⚔️ **CHAPTER 20 — The Road That Gives Nothing Back**
The road appeared without warning.
Not built—*exposed*.
Stone pressed up through the soil in a narrow line, old and cracked, as if it had been buried intentionally and forgotten by something patient enough to wait. Kael stepped onto it and felt resistance for the first time in days.
His foot ached.
He welcomed it.
*The land isn't helping here,* the second voice observed.
"Good," Kael said. "I don't want favors."
The road wound through low hills where the air smelled faintly of iron and dust. With every step, the strange strength dulled—not vanished, just… restrained. His breathing grew heavier. Sweat returned to his skin.
By noon, hunger whispered again.
Not loudly.
Just enough to remind him he was still human.
Kael stopped at a broken milestone and sat. He tore the last of his dried meat in half, eating slowly, deliberately. It tasted like effort.
He smiled despite himself.
Movement flickered at the edge of the road.
Kael's hand went to his sword—but the figure that emerged wasn't armed.
A woman stood there, wrapped in travel-worn gray, hair tied back roughly, eyes sharp and cautious. She held no weapon openly, but her posture suggested she didn't need one.
"You're walking on a return road," she said.
Kael studied her. "And you're blocking it."
She shrugged. "Only checking if it remembers you."
Silence stretched.
The woman nodded once, as if confirming something. "It does."
Kael frowned. "Who are you?"
"Someone who learned not to eat when the land offers," she replied. "Name's **Mireth**."
The second voice stirred uneasily.
*She can feel the debt,* it said.
Kael rose slowly. "Then you know I didn't have much choice."
Mireth met his gaze. "No one ever does. That's why the price is always worse."

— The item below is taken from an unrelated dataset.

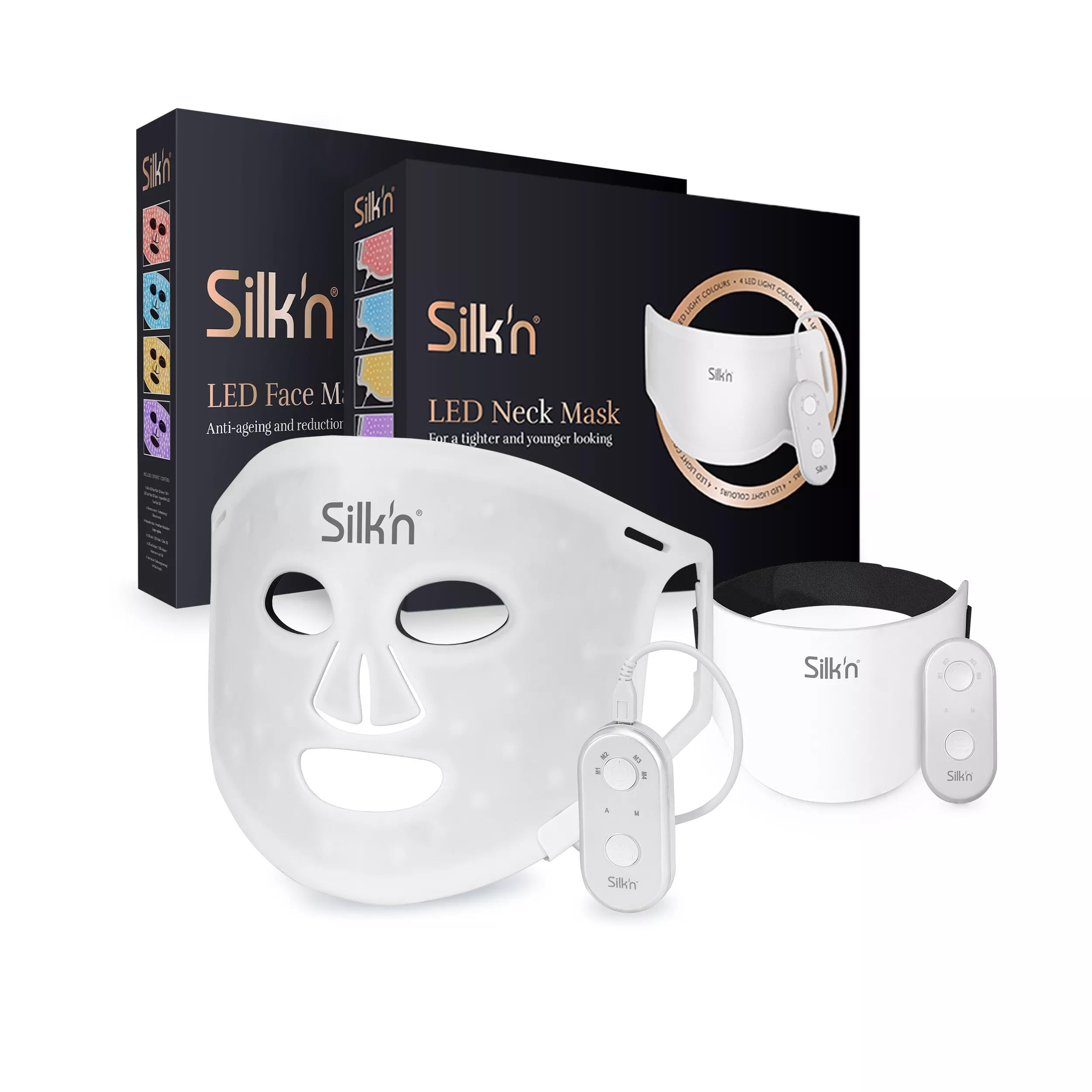 Silk'n LED Face & Neck Mask Set | 2 LED Light Masks with Red Light for Collagen Anti-Wrinkle & Anti-Aging | Revitalizing Effect | Wireless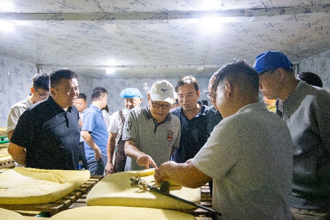 工廠冷藏室內(nèi),磨豆師傅用鐵鉤提著一塊豆腐,向正在品嘗的考察團(tuán)人員熱情介紹著:“我們洧川的豆腐,最大的特色就是筋道,俗話說‘麻繩串豆腐,提不起來’,洧川豆腐不但能用麻繩穿起來,還能用鐵鉤掛起來,且豆香濃郁,煮而不散,越煮越筋。”說著,師傅還切下一塊豆腐,將其擲在另一塊豆腐上,只見豆腐不但未撞爛,反而高高彈起,引得在場(chǎng)眾人拍手大笑,對(duì)洧川豆腐的“筋道”有了生動(dòng)形象的認(rèn)知。

They walked together for a while—far enough that Kael realized she wasn't trying to stop him. Just… accompany.
"You're being followed," she said eventually. "Not by hunters."
"I know."
"Good. Because this thing doesn't kill quickly. It lets you ruin small things first."
Kael's jaw tightened. "Like what?"
Mireth gestured ahead.
A small settlement lay in the valley below—half a dozen houses, smoke curling gently from chimneys. Ordinary. Fragile.
"Like choosing whether you pass through," she said.
Kael looked at the village.
For the first time since exile, the road offered a decision that wasn't about survival.
It was about **distance**.
The road continued straight.
The village lay just off it.
And the presence beside him—quiet now—*waited*.